Keywords: Attention, Cognition, Cognitive neuroscience, Executive function, Language, Memory, Neuropsychology, Social cognition, Technology, Theory
This special edition commemorates the roughly 50 years of theoretical work on cognitive aging. As an Introduction to this issue, we first briefly review cognitive aging efforts prior to the mid-1960s, then describe the mid-1960s as a pivotal point for cognitive aging theory, and finally comment on how the field has evolved since then.
Cognitive Aging Research Prior to the Mid-1960s
Observations of cognitive aging date back millennia. Take, for instance, the sixth century BC poet Solon who, in writing about life’s hebdomads, or periods of 7 years, “… in the ninth, though he’s still capable, his tongue and expertise have lost some of their force” (Baars, 2012). Empirical proof of cognitive aging appeared in the 1930s, when Miles evaluated the perceptual, motor, and cognitive abilities of 1600 people aged 6 to 95 years old, and reported declines after age 30 in these skills, including learning ability (e.g., Miles, 1933). Age-related slowing emerged as a salient feature in the 1930s; the fact that most intelligence tests were speeded led Lorge (1940) to correct intelligence test data for speed of processing, finding that intelligence did not, in fact, decline with age. Lorge’s discovery of the relationship between speed and intellectual capacity reminds us of Salthouse’s later and more encompassing theory that age-related changes in speed underlie changes in a number of cognitive domains (e.g., Salthouse, 1996).
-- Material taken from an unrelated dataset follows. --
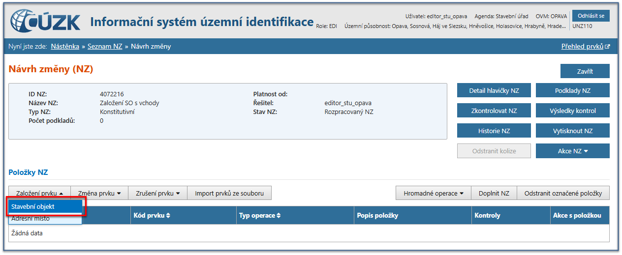 Pro založení prvku stavební objekt je možné si založit nový NZ. Do návrhu změny přidejte potřebný/é podklad/y v Detailu hlavičky NZ (obrazovka UNZ111).

This early literature was predominantly descriptive, comparing task performance across age groups in cross-sectional designs, and typically used the same intelligence tests that were used in the study of child development. In 1955, Wechsler identified the maintenance (“hold”) and decline (“no hold”) of what was later termed crystallized and fluid intelligence, respectively (Cattell, 1963). Uncovered too was a decline in what we now call working memory, thanks to the inclusion of backward digit span in intelligence testing (Bromley, 1958).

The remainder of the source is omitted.